There is a wedding party inside a sumptuous mansion, lavish and exorbitant, something beyond what the majority of us will ever experience.  The party seems to go on for hours as Justine (Kirsten Dunst), the bride, attempts to smile and bow to her guests and family. But there is a heaviness to her movements and expressions; they come a step too slowly and are a bit stilted. It becomes evident that, despite the beautiful and sympathetic husband, the sudden grand promotion from her boss, the perfection of the festivities and those attending, Justine is not well. And it all comes from within. Her mind is not well.
There are sensations of feeling that cannot be fully understood by those who have ever experienced them.

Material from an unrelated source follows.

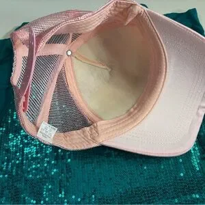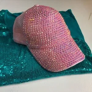 Excellent like new condition. Worn once for crazy hat day. No rips or stains. This dazzling pink hat features a baseball cap silhouette adorned with shimmering rhinestones and an adjustable strap in the back. The dense pattern of crystals on the front panel and bill is firm and sturdy.

It's to move as if underwater, attempting to walk through the depths of the ocean, fighting the weightlessness, parting the wall of liquid with your hands and shoving, ripping through. Or perhaps, it is like earthy vines wrapping around your wrists, ankles and waist as you attempt to move forward, their grip and gravity pulling you back and down like the heaviest burdens. The world does exist to those under this spell. But it is so overwhelmingly tiresome living in it. Food holds no comfort, companions do not speak an understandable language, rituals offer no easing of tension. Sleep is the only welcome respite.
 Justine lives for these moments, where unconsciousness and dreams offer something beyond everyday existence. It’s a wonder that, with the patterns of her behavior, that she is as tolerated as she is. Those around her quickly come to their boiling points as she languishes in her depression.
But then that new planet draws nearer, so that its coming can be seen in the daylight sky. And Justine suddenly feels lighter, freer, with the end of life closing in on every one of Earth’s inhabitants. Her dark view of the world is becoming true right above her head. And she is soothed that she was always right.
Melancholia is deeply autobiographical for its director. Von Trier has suffered from sometimes crippling depression and anxiety all his life. The film is beautifully executed and the actors, particularly Dunst, inhabit their characters well. She is utterly convincing as someone weighted with a deeply ill mind. But I wonder what Justine’s story would be if she were not of such privileged stuff. How different would she be if she inhabited a lower rung of society? I see Justine in these elements and I do find her tale believable. However, as I watched this film, I speculated about those other 7 billion stories that Von Trier did not tell in his film. In the end, though, they all came to the same fate, it seems.

Will you realize that the end of the world is what you have been waiting for your whole life?